Casey - dunno yet - it was a problem we couldn't fix for the 4 continuous days we were shooting in Spain, so we just kept shooting. Easy enough to fix in post, but I don't know what Red is going to do about it.

-mike
 
Mike,

Awesome post, I like your analogy of raw+metadata to adjustment layers. I'll just be stealing that one for my next Red conversation ;)

Any chance you can tell us the details of the grading steps you took on those images in Photoshop and RedAlert?

Ian Bloom
 
Very good work. Jendra was DP on Showbread's "Mouth Like A Magazine" video, which is still my favorite music video of all time.
 
just a note--
ND filters do NOT make an image look flat..
they just reduce the total amount of light coming through the lens
same as turning the f-stop down--
pro-mist filters, diffusion, and contrast reducing filters will make an image flat...
as do old uncoated lenses, etc...
 
okay, i downloaded the 48MB tiff, and i see mainly what you are talking about...
the dynamic range goes pretty far ... both highlights and shadows...
and the color depth of the tiff is 16 bit, and the redcode is 12 bit, so you are working with 2 or 4 bits MORE than standard "video" cameras...
--
but the one thing bothering me is the raw image is not using the whole 12 bits of color saturation....
yes, you can certainly turn up the saturation in p-shop, and it still looks pretty good...
---
but i guess the best way to explain is to compare to sound recording...
if you have 12 bits of resolution, but only turn your knobs so you the levels are half way up, you are basically only using 8 bits of resolution and the top 4 bits are not being used...
hence the signal to noise ratio is only 8 bits...
--
and it seems the same with this image/ the other images coming off this camera...

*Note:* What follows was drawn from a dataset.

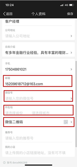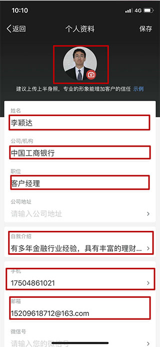 第四步:点击上面的头像框设置头像,这个头像将是个人名片的头像,随后输入下面各类信息,姓名、单位、职位、自我介绍、联系方式等信息,方便客户及时联系我们;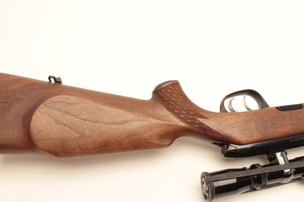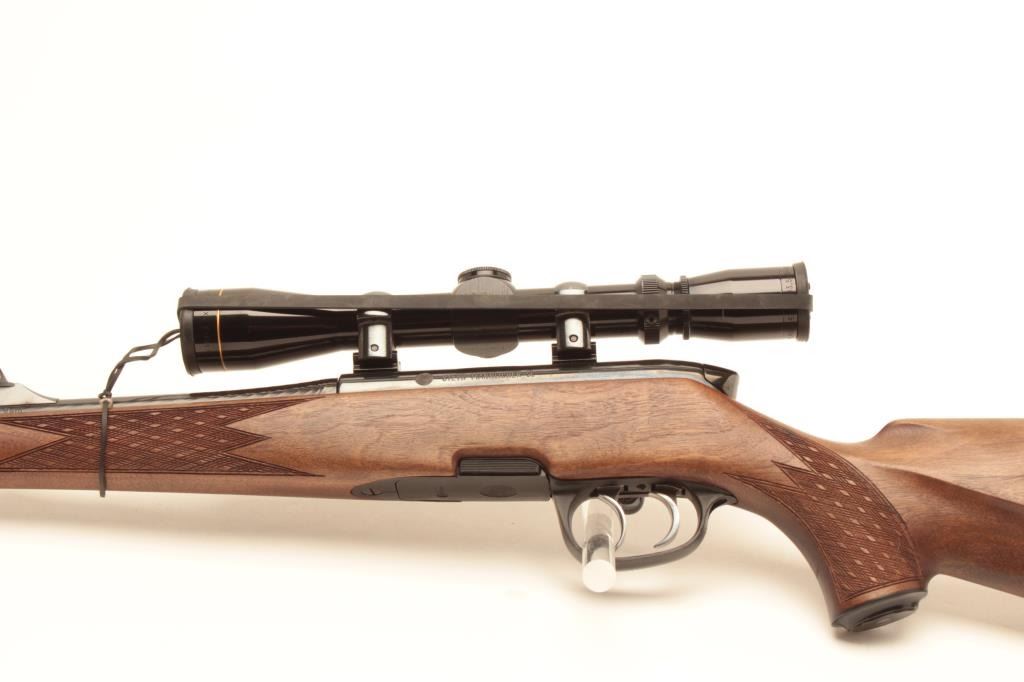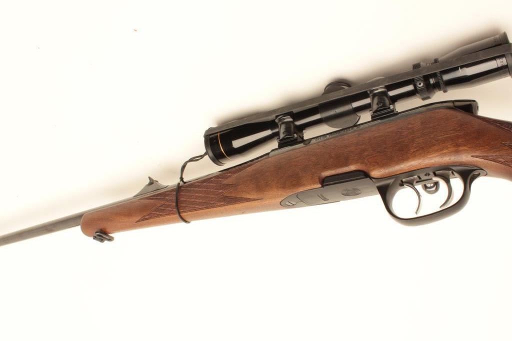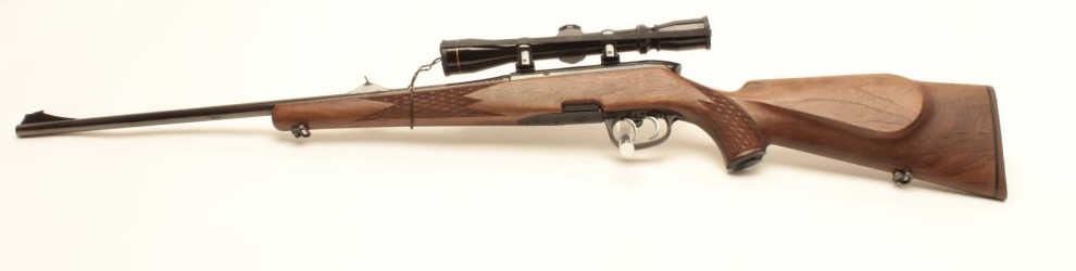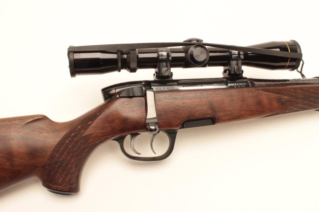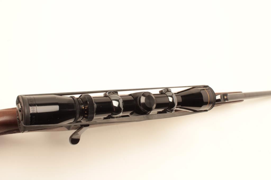 Steyr-Mannlicher-SL bolt action rifle, double set triggers, .223 Rem. caliber, 24” barrel, black finish, checkered wood stock with sling swivels, S/N 178380, mounted with a Leupold 3x9 scope displaying sharp optics, in overall fine condition with majority of original finish remaining on metal surfaces, fine bore, crisp action, sharp markings and fine stock. (Modern/No PPT). Est.: $800-$1,600.

if the saturation is turned down in the raw capture, then its not using all the saturation available ( i'm assuming it can capture a higher saturated image)

you can always turn a highly saturated image DOWN, all the way to black and white, if you want...
but turning up the saturation can lead to problems... banding, etc -- although the 12 bit depth keeps that problem at bay, except in extreme cases...

so it DOES look better than any 8 bit or 10 bit "video" camera... but how does it stand up to a 10 bit log scan of 5245 film??

bill stewart
 
Bill - when we get done with our 4K Lustre grade, comparing to the film we shot side by side on our last day, we'll let you know!